Mais s'il faut penser notre alimentation sur le plan du droit, il convient aussi de la penser davantage sur le plan du savoir-faire et de la responsabilité, ce qui me ramène à mon point de départ : il faut se remettre aux fourneaux. Bee Wilson est à l'évidence une cuisinière créative et talentueuse, quelqu'un qui veut enseigner aux gens à manier le hachoir et la poêle à frire et à mettre un repas décent sur la table en une demi-heure. Son amour de la cuisine maison la conduit à dire du bien des "repas en kit" [repas livrés sous la forme d'ingrédients déjà rationnés mais non préparés] qui, malgré les emballages qui les accompagnent et leur prix élevé, ont au moins le mérite de mettre le pied à l'étrier aux cuisiniers en herbe. Elle voit même une lueur d'espoir dans les chiffres qui révèlent que, si seuls 10 % des gens disent aimer cuisiner et 45 % déclarent détester ça, au moins 45 % restent indécis et seraient potentiellement prêts à essayer.

J'aurais plutôt tendance à penser que l'enquête en question n'est qu'une illustration de plus de la confusion qui nous habite parfois en matière d'alimentation. Je cuisine tous les jours, mais je ne sais pas si je dirais que j'adore cuisiner. Ça reviendrait à me demander si j'aime faire la lessive ou si j'aime amener mes enfants à l'école. Autant demander à un chasseur-cueilleur s'il aime cueillir et chasser. Certaines choses relèvent du devoir ou de la nécessité, et non du choix. C'est d'ailleurs ainsi que nous abordons déjà un large éventail de compétences - faire du vélo, conduire une voiture, taper à l'ordinateur, utiliser un smartphone... Ce qui me redonne de l'espoir, c'est moins la baisse du prix de certaines innovations comme les repas en kit que le regain d'intérêt pour la cuisine dans les écoles, et non sous la forme réservée aux petites ménagères en herbe, comme on me l'a appris à l'époque, mais dans le cadre de programmes "De la ferme à l'école".

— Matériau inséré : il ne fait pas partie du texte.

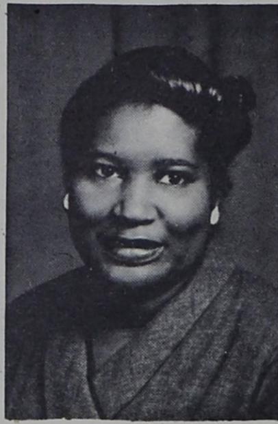
talented young people who may be interested in a Continued on Page 4

The course is designed to strengthen the quality of high school journalism courses, to improve scholastic newspapers and to provide teachers with information which will be helpful to them in advising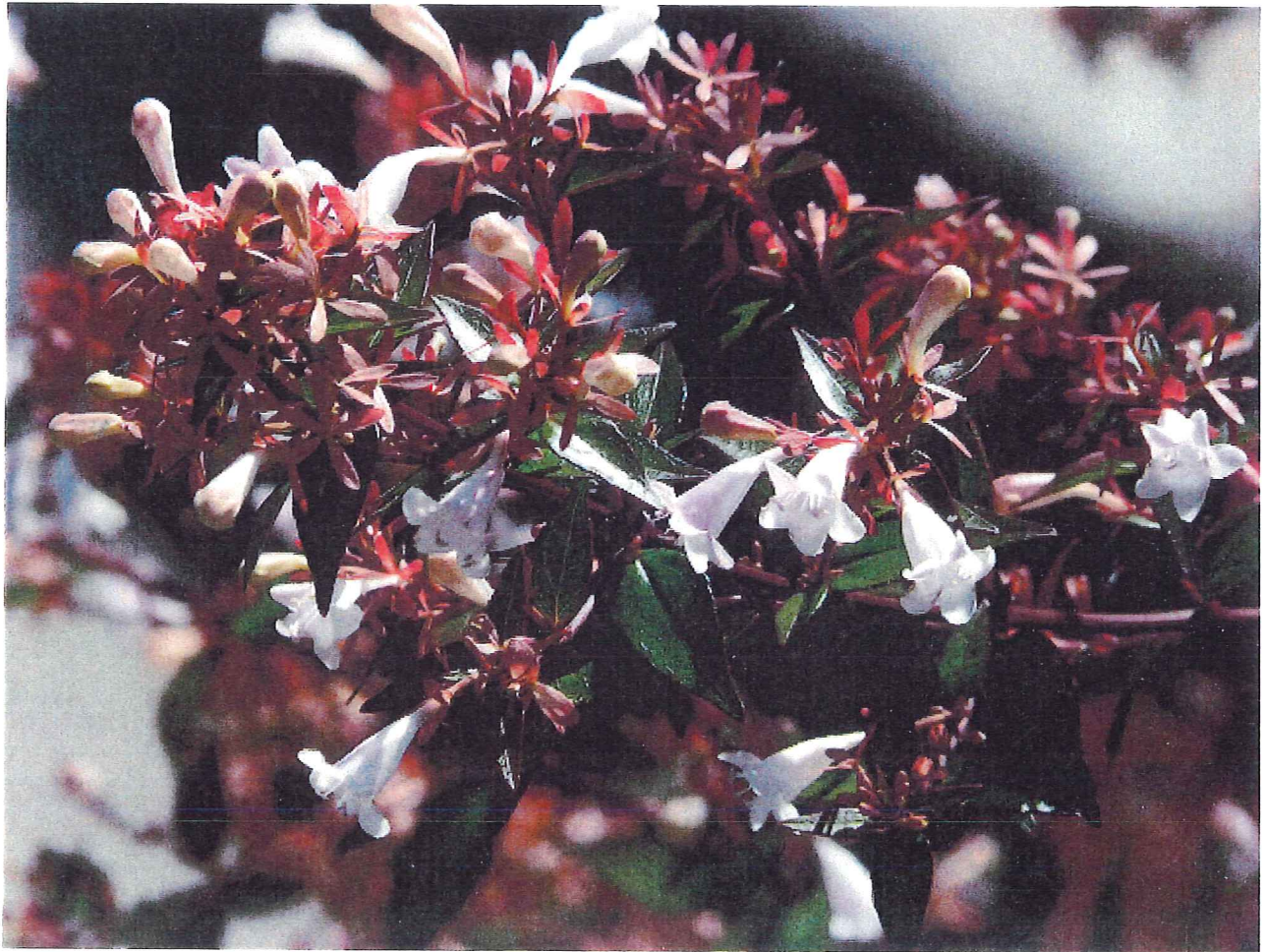
Abelia x grandiflora 'Sherwoodii'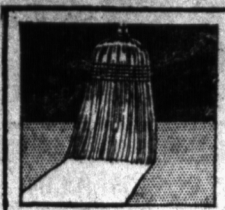
YOU USE A BROOM THAT SWEEPS LIKE THIS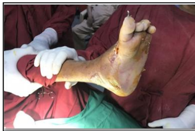
Fig 6: Implant removal and FHL/FDL tenotomy and Abductor Hallucis release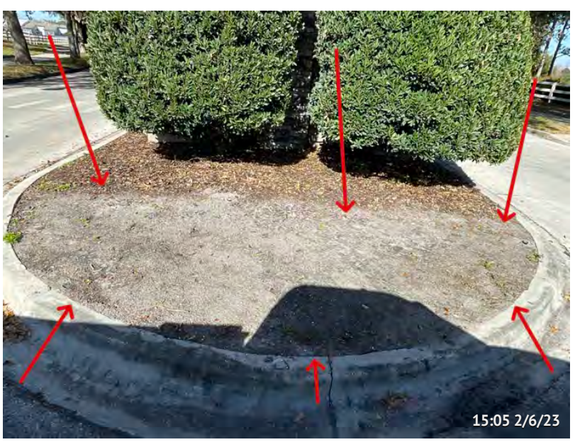
Item 24 - East Entrance Media Assigned To Benchmark Seasonal Plants Proposal.

Tower needs to be Pressure Washed, Needs vendor proposal.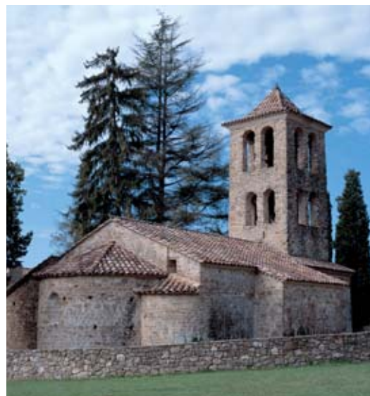
Sant Martí de Capsec

If you decide to visit in mid-February you will also be able to visit the Fira del Farro in La Vall de Bianya , a gastronomical fair with examples of all the most typical culinary features of the comarca .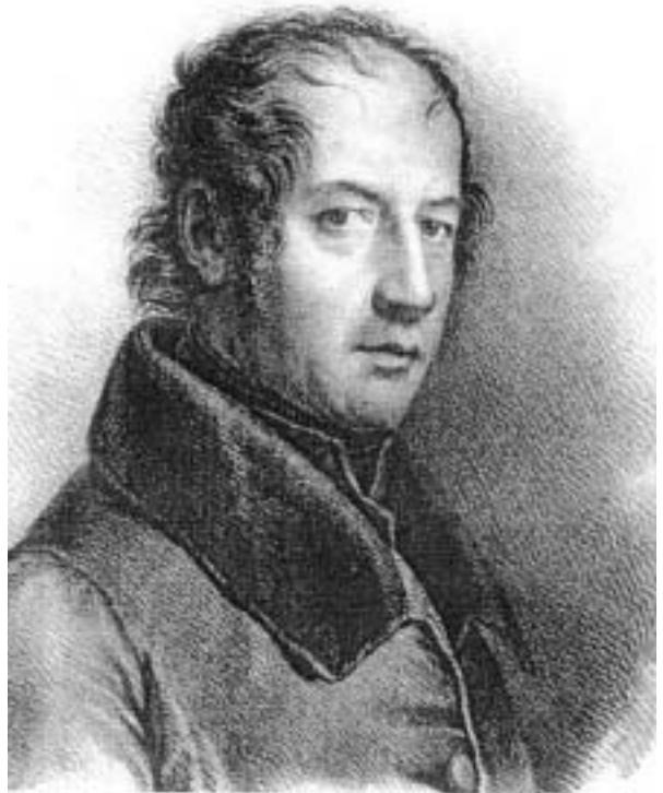
Figure 4: Pietro Configliachi.

"...Some living specimens, which I saw in the possession of a peasant in Adelsberg, were about eight inches [20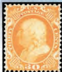
#46 Unused NG with graded XF-90 Cert $9,500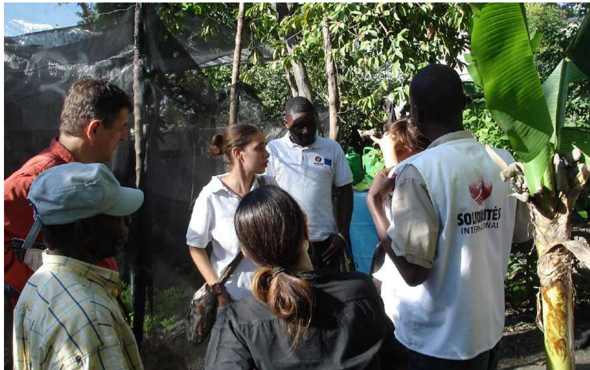
> Discussions between the WaSH team, the CA team and residents, November 2013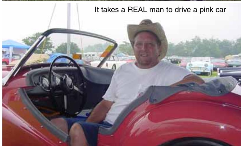
It takes a REAL man to drive a pink car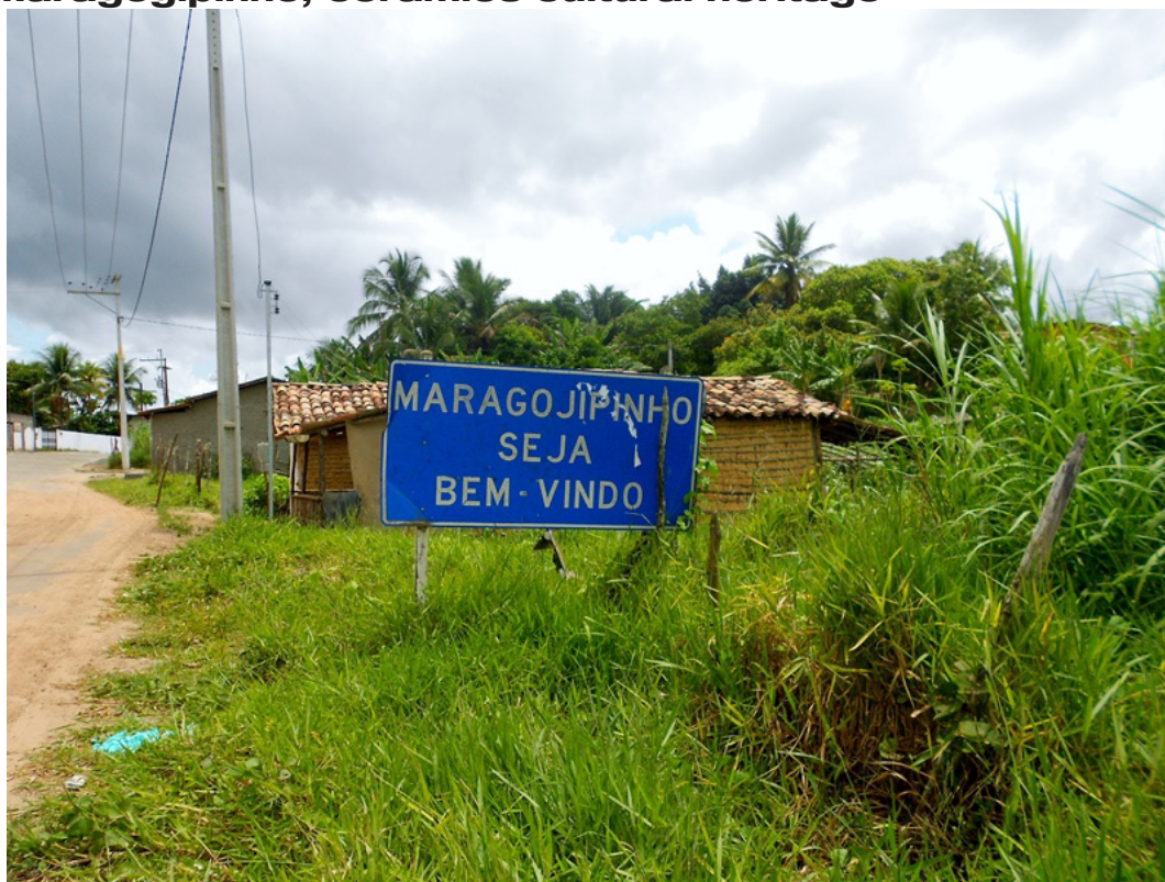
Figure 2- Outdoor sign at the entrance of the village of Maragogipinho (BA)

Maragogipinho is a neighborhood somewhat away from the urban center municipality of Aratuípe (fig.2), in Bahia, located 130 kilometers from Salvador. It is located in the Recôncavo Baiano, a region of great cultural wealth and traditions. The Recôncavo comprises an extensive

Quand ma fille était en cours préparatoire, elle avait une maîtresse formidable, très charismatique, qui ne souscrivait pas à l'idée fixe de la direction de l'établissement de coller des enfants de 6 ans devant des écrans, et qui remplissait à la place sa classe de livres et de dessins, de vers à soie et de tortues. Sans surprise, elle a été congédiée au bout d'un an (la sécurité ?! l’hygiène ?!). Pour autant, pendant quelques mois, une autre mère de famille et moi-même nous sommes retrouvées dans les cuisines de l'établissement de temps à autre pour enseigner les mathématiques aux élèves à travers la cuisine. "Si la recette nécessite une tasse de farine de maïs et une tasse de farine de blé, et que les ingrédients liquides dont tu as besoin équivalent à deux tiers des ingrédients secs, quelle quantité de miel et de babeurre dois-tu ajouter, sachant que l'œuf que tu mets remplit déjà un quart de la tasse ??" Les enfants feront leurs calculs, mesureront, touilleront, goûteront et ajouteront les ingrédients - puis nous mangerons le pain de maïs tous ensemble.